Betriebsverfassungsrechtliches Zugangsrecht

Gemäß § 46 Abs. 1 Satz 1 BetrVG dürfen Beauftragte einer im Betrieb vertretenen Gewerkschaft an Betriebs- oder Abteilungsversammlungen teilnehmen. Allerdings hat der Erste Senat des Bundesarbeitsgerichts in seinem Beschluss vom 19. September 2006 (1 ABR 53/05) entschieden, dass nichttariffähige Arbeitnehmervereinigungen dieses betriebsverfassungsrechtliche Zutrittsrecht nicht erhalten.

Eine Gewerkschaft im Sinne des Betriebsverfassungsgesetzes ist nur eine tariffähige Arbeitnehmervereinigung, also eine Organisation, die in der Lage ist, Tarifverträge abzuschließen. Nur diese Organisationen können die Rechte des Betriebsverfassungsgesetzes wirksam in Anspruch nehmen. Arbeitnehmervereinigungen, denen die für die Tariffähigkeit erforderliche soziale Macht fehlt, können diese Rechte nicht geltend machen.

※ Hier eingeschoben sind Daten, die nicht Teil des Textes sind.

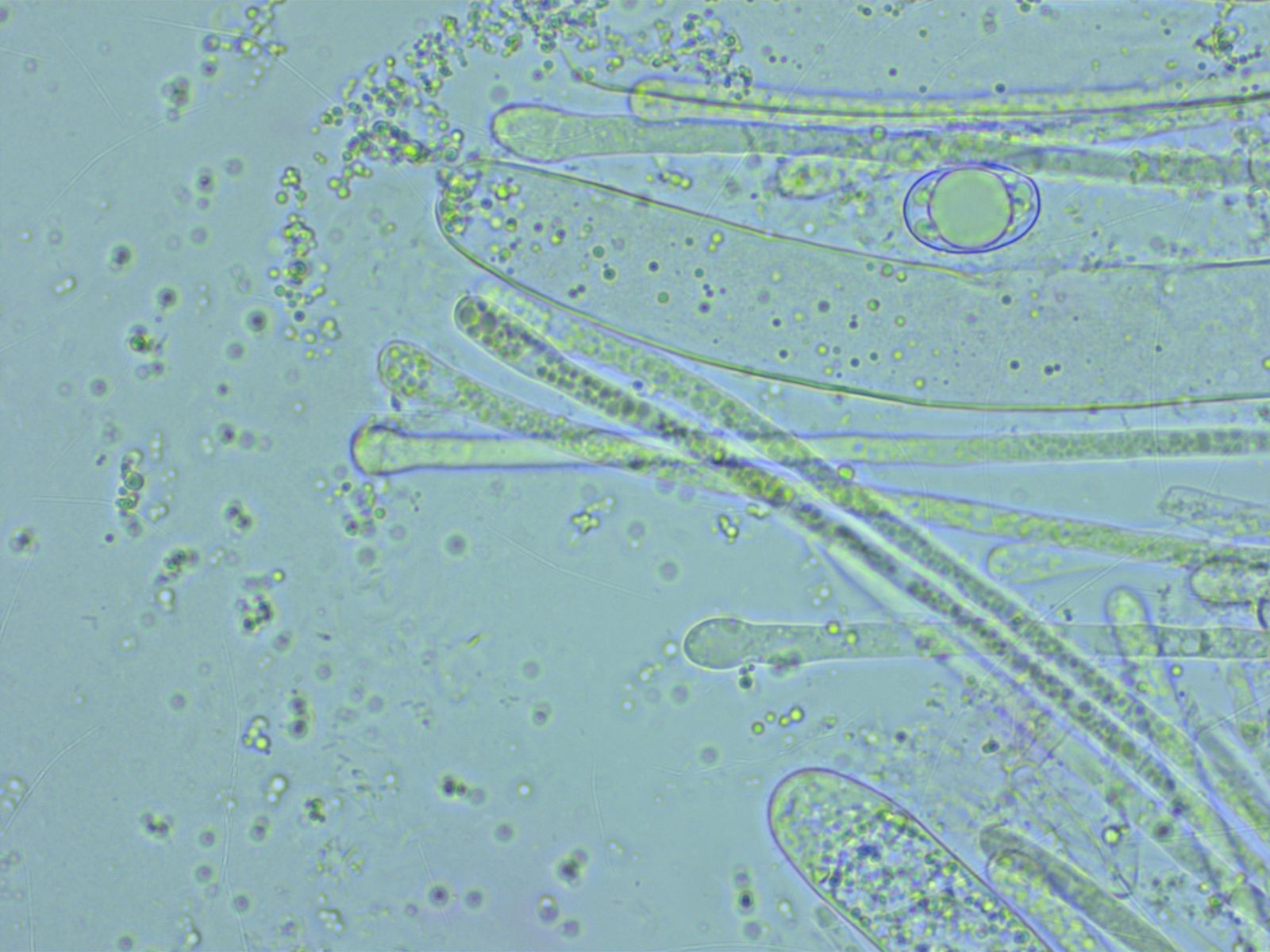Im oberen Stieldrittel gab es zahlreiche Kaulozystiden.

Diese Regelung steht im Einklang mit Art. 9 Abs. 3 GG, der die Betätigungsfreiheit von Vereinigungen schützt, sowie mit Art. 3 Abs. 1 GG. Die Befugnisse der Gewerkschaften nach dem BetrVG dienen sowohl der betriebsverfassungsrechtlichen als auch der tarifrechtlichen Ordnung. Um diese Rechte effektiv auszuüben, benötigen Gewerkschaften nicht nur eine leistungsfähige Organisation, sondern auch die Fähigkeit, die komplexen Zusammenhänge zwischen Tarif- und Betriebsverfassungsrecht zu berücksichtigen.

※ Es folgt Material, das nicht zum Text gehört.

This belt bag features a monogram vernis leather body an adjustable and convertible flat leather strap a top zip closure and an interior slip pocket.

Der Gesetzgeber durfte daher in typisierender Weise davon ausgehen, dass nur tariffähige Gewerkschaften über ausreichende Ressourcen und Kompetenzen verfügen. Aus diesem Grund wies der Senat den Antrag des nichttariffähigen Verbands der Gewerkschaftsbeschäftigten ab. Dieser hatte versucht, den Betriebsrat eines Landesbezirks der Vereinten Dienstleistungsgewerkschaft zu verpflichten, einem Verbandsbeauftragten gemäß § 46 Abs. 1 BetrVG Zutritt zu den Betriebsversammlungen zu gewähren.